No, I can no longer think that Paul is just talking to legalists here in Philippians 3. He is talking to me. He is asking me to give up my confidence not in my legalism, but in my liberalism. He is asking me to rely on actual faith instead of spiritual achievement, regardless of how right I believe that achievement to be.

Instead, Paul calls me to a righteousness that is from God and is based on faith that leads me not to Spiritually Superior Mountain, but to “knowing Christ” and a shared experience of his sufferings and conformation to his death.

In Philippians 3, Paul calls me to realize that what I have done in the past, whatever achievements or strides in maturity or growth in grace I have made do not allow me to simply stop and bask in the glow of my spiritual perfection. Wherever I am on discipleship’s road is merely one point on the journey toward the ultimate union with Christ at the resurrection of the dead. Paul calls me to understand that I am still imperfect in my positions and in my understandings, no matter how confident in them I might be. I never get to the point where I get to proclaim that I have arrived.

What am I willing to give up to know Christ?

Am I willing to give up my own confidence in my spiritual decisions? Am I willing to sacrifice the theological certainty in which I operate for the frightening uncertainty of truly pursuing a righteousness that comes from God through faith? Am I willing to try and intentionally conform to the pattern of Christ’s life so that I might share in his sufferings and be conformed to his death?

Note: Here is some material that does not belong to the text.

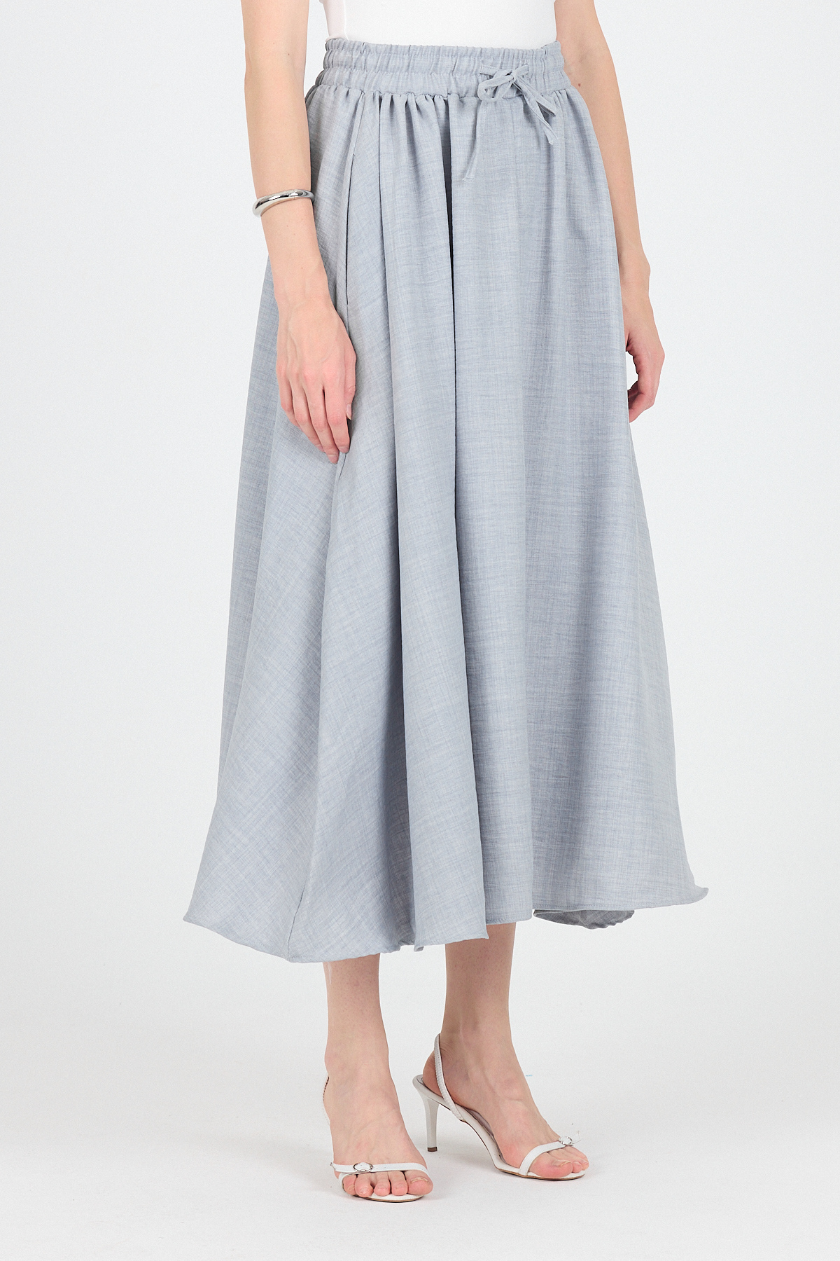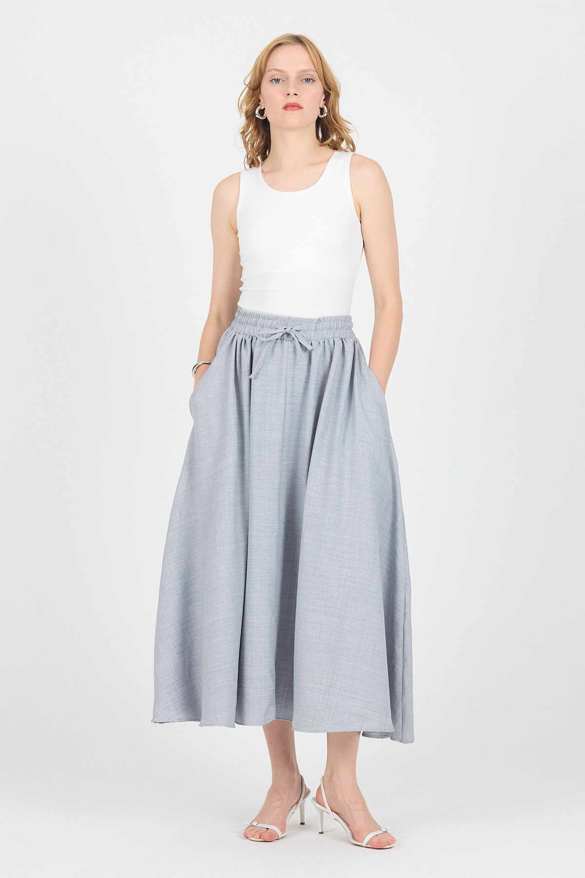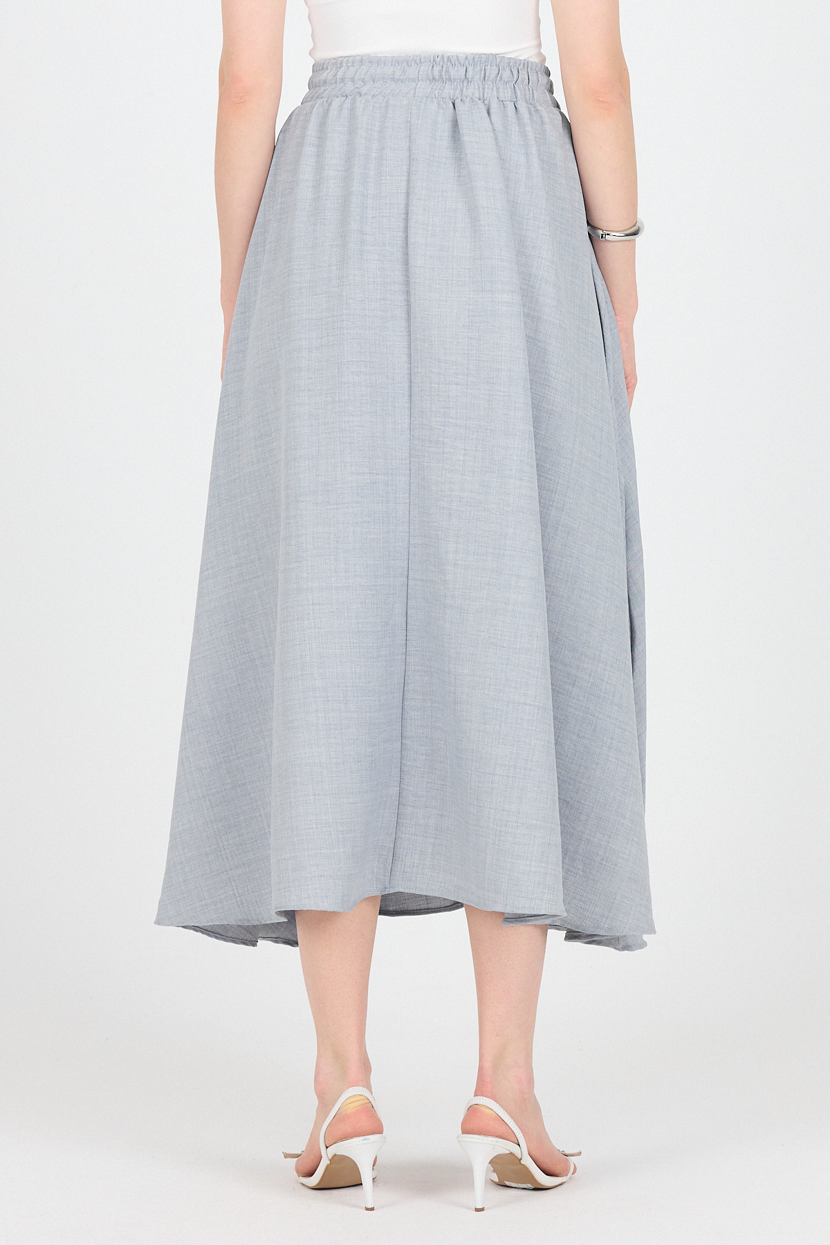 Gri Pamuklu Beli Lastikli Midi Etek 8024A

I would like to say that I can confidently answer these questions. The truth is that I can’t. Just as my spiritual location is simply a point in time on a journey of ever-increasing discipleship toward the image of Christ; so also is my desire continually in the process of transformation. Perhaps all I can hope for is that I want to know Christ and be conformed to his image more today than I did yesterday; and I that I want to do more in my life to attain to the goal of Christ-likeness today than I did yesterday, that the same will hold true for tomorrow.

Such is the kingdom of God - a world where confidence rests solely, only, singularly, and whole-heartedly in Jesus and not in my own spiritual confidences or achievements.